Engineer filed timely post-verdict motions seeking judgment n.o.v.,

which the court denied, followed by a praecipe for entry of judgment against

itself. Engineer then filed two appeals, which we have consolidated.

Without ordering Engineer to file a Pa.R.A.P. 1925(b) statement, the trial

court filed a Pa.R.A.P. 1925(a) opinion.

Before turning to Engineer’s arguments, we explain why we quash its

second appeal. On December 12, 2013, Engineer filed its first notice of

appeal following entry of judgment against itself but before entry of a final

order relating to the Belgravia defendants. On January 2, 2014, the court

entered an order marking Association’s action against the Belgravia

defendants settled, discontinued and ended. This order disposed of all

remaining claims and parties and made Engineer’s first appeal ripe for

disposition. Pa.R.A.P. 905(a)(5) (“a notice of appeal filed after the

announcement of a determination but before the entry of an appealable

order shall be treated as filed after such entry and on the day thereof”).
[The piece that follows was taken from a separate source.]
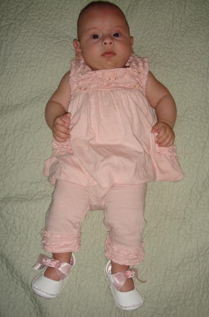 Днес Виллиан беше много интересна, сама си държи биберона и си го слага в устата , поиграе си и пак го извади, пуща си и сама музиката на люлката /висят играчки над нея като на активните гимнастики и като дръпнеш играчката музиката започва да свири/ голям смях падна  Joy, а от два дни така е започнала да пее че днес не можехме да чуем телевизора от нея  Grinning.Изобщо много ми е сладка не мога да се стърпя да не ви я покажа.

On January 30, 2014, Engineer filed a second notice of appeal. It

appears that Engineer filed this appeal as a protective measure because it

was uncertain whether its first appeal was timely. Because Engineer’s first

appeal is ripe for disposition under Pa.R.A.P. 905, we quash its second

appeal as technically unnecessary. Pa.R.A.P. 1972(7) (appeal subject to

quashal for “any … reason appearing on the record”).

Engineer raises three issues in its first appeal:

-4- J-A06009-15

The trial judge erred by not applying the economic loss doctrine to bar claims for what are solely economic losses.

The trial judge erred in denying [Engineer’s] posttrial motion for jnov in a case where: [Association’s] experts could not state what defects existed at the time of the inspection; recommendations made by the inspecting engineer were not followed by the owners; and no analysis was offered on how the allegedly improper inspection caused any damages.

[Engineer] did not waive its right to appeal the denial of a post-trial motion seeking jnov.

Brief For Appellant, pp. 13, 14, 25.

In its first argument, Engineer contends that it is entitled to judgment

n.o.v. because the economic loss doctrine precludes Association’s claims of

monetary damage. Engineer waived this argument by failing to move for a

compulsory nonsuit or directed verdict on this issue during trial.

A motion for judgment n.o.v. is a post-trial motion which requests the

trial court to enter judgment in favor of the moving party. There are two

bases on which the court can grant judgment n.o.v.:

[O]ne, the movant is entitled to judgment as a matter of law and/or two, the evidence is such that no two reasonable minds could disagree that the outcome should have been rendered in favor of the movant. With the first, the court reviews the record and concludes that even with all factual inferences decided adverse to the movant the law nonetheless requires a verdict in his favor, whereas with the second, the court reviews the evidentiary record and concludes that the evidence was such that a verdict for the movant was beyond peradventure.

-5- J-A06009-15

Polett v. Public Communications, Inc., 83 A.3d 205, 212

(Pa.Super.2013). In an appeal from the trial court’s decision to deny

judgment n.o.v.,

we must consider the evidence, together with all favorable inferences drawn therefrom, in a light most favorable to the verdict winner. Our standard of review when considering motions for a directed verdict and judgment notwithstanding the verdict are identical.